PROBLEM DESCRIPTION: Your answer must be the exact lines of the listing below that run from the line with "These targets are" to the line with "В этот раз на", ends included, and no pictures.

PROVIDED RECORDS:
= Beginning of Section =
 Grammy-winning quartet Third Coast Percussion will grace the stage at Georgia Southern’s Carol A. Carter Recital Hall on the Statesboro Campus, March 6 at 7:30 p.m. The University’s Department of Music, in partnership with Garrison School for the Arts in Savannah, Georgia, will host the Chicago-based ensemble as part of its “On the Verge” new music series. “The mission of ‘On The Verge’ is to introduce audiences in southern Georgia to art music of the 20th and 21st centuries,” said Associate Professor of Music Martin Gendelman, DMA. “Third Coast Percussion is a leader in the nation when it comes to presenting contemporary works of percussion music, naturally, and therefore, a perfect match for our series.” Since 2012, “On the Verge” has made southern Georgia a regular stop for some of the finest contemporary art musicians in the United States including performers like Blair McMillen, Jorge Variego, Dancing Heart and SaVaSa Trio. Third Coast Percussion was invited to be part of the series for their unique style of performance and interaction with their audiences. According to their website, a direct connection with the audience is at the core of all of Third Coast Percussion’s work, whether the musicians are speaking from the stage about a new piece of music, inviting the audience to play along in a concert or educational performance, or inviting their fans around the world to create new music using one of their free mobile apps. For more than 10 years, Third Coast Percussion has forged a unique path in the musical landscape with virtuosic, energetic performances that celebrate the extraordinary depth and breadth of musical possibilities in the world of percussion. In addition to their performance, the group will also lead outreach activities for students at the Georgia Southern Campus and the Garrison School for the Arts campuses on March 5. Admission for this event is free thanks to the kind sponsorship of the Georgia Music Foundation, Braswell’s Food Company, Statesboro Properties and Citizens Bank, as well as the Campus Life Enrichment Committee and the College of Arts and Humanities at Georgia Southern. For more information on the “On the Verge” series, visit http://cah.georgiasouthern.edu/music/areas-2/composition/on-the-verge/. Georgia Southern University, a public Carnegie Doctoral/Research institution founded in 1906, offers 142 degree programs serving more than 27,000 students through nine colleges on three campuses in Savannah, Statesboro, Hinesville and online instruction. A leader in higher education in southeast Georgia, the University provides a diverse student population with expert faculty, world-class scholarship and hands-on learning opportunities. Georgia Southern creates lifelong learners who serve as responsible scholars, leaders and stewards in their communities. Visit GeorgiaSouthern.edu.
= End of Section =
= Beginning of Section =
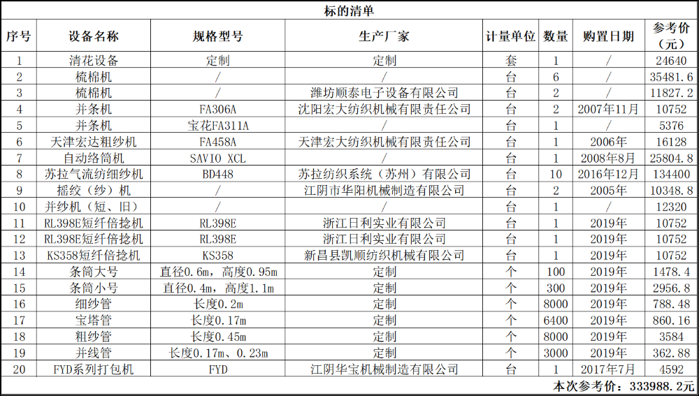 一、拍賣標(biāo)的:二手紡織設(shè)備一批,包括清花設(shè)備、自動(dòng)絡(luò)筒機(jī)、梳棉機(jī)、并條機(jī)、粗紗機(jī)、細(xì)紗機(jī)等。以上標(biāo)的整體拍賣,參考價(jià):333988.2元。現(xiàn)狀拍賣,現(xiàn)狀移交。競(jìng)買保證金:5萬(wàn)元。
= End of Section =
= Beginning of Section =
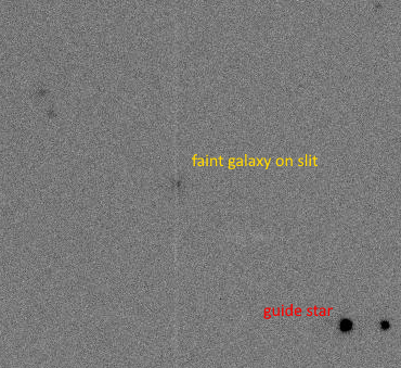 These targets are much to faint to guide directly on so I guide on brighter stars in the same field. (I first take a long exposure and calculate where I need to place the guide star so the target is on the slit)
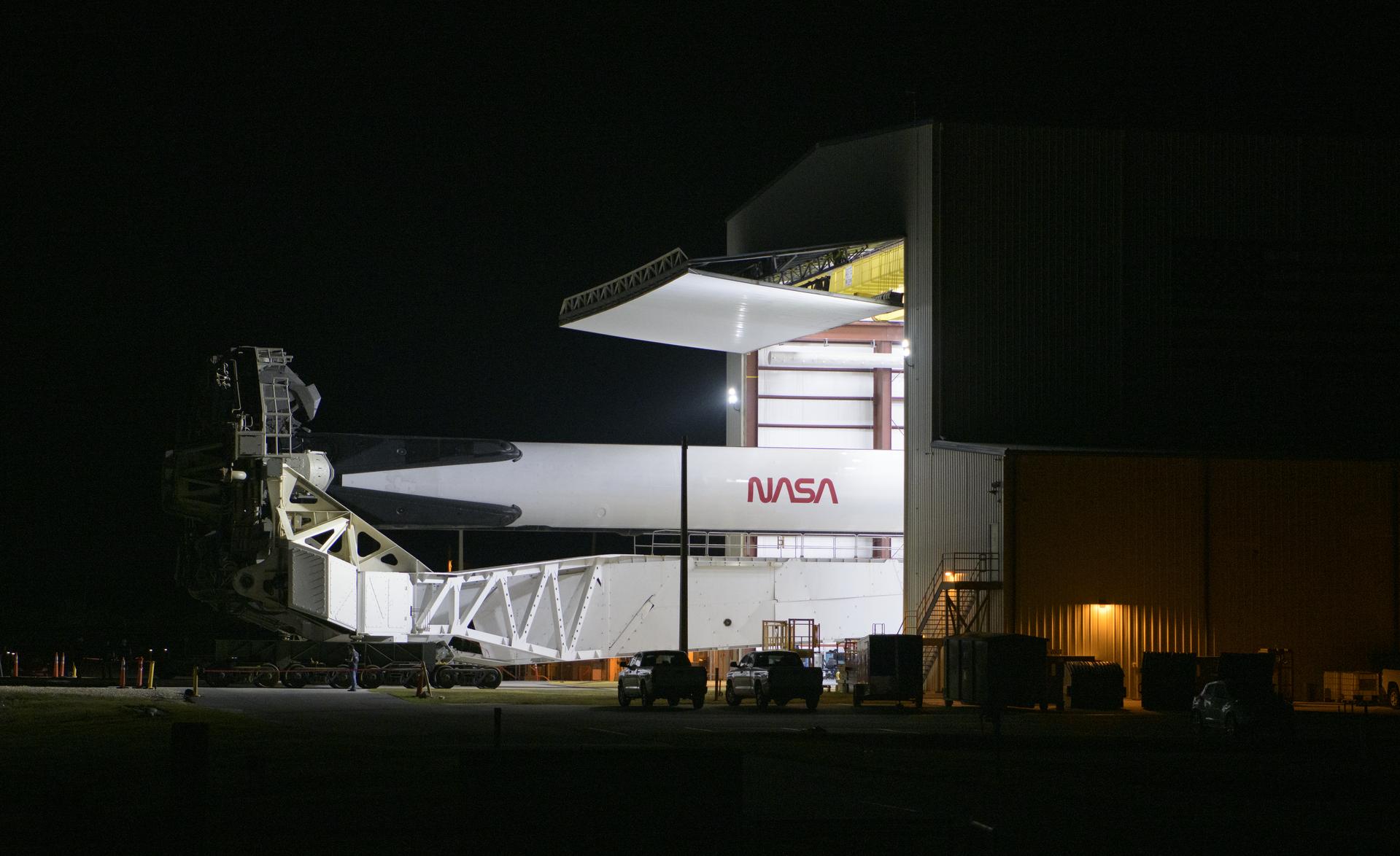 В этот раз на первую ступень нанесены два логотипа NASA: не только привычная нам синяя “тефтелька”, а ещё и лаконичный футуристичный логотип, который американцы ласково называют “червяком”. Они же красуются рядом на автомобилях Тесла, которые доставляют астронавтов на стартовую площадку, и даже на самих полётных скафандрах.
= End of Section =
RESPONSE BOX:
 These targets are much to faint to guide directly on so I guide on brighter stars in the same field. (I first take a long exposure and calculate where I need to place the guide star so the target is on the slit)
 В этот раз на первую ступень нанесены два логотипа NASA: не только привычная нам синяя “тефтелька”, а ещё и лаконичный футуристичный логотип, который американцы ласково называют “червяком”. Они же красуются рядом на автомобилях Тесла, которые доставляют астронавтов на стартовую площадку, и даже на самих полётных скафандрах.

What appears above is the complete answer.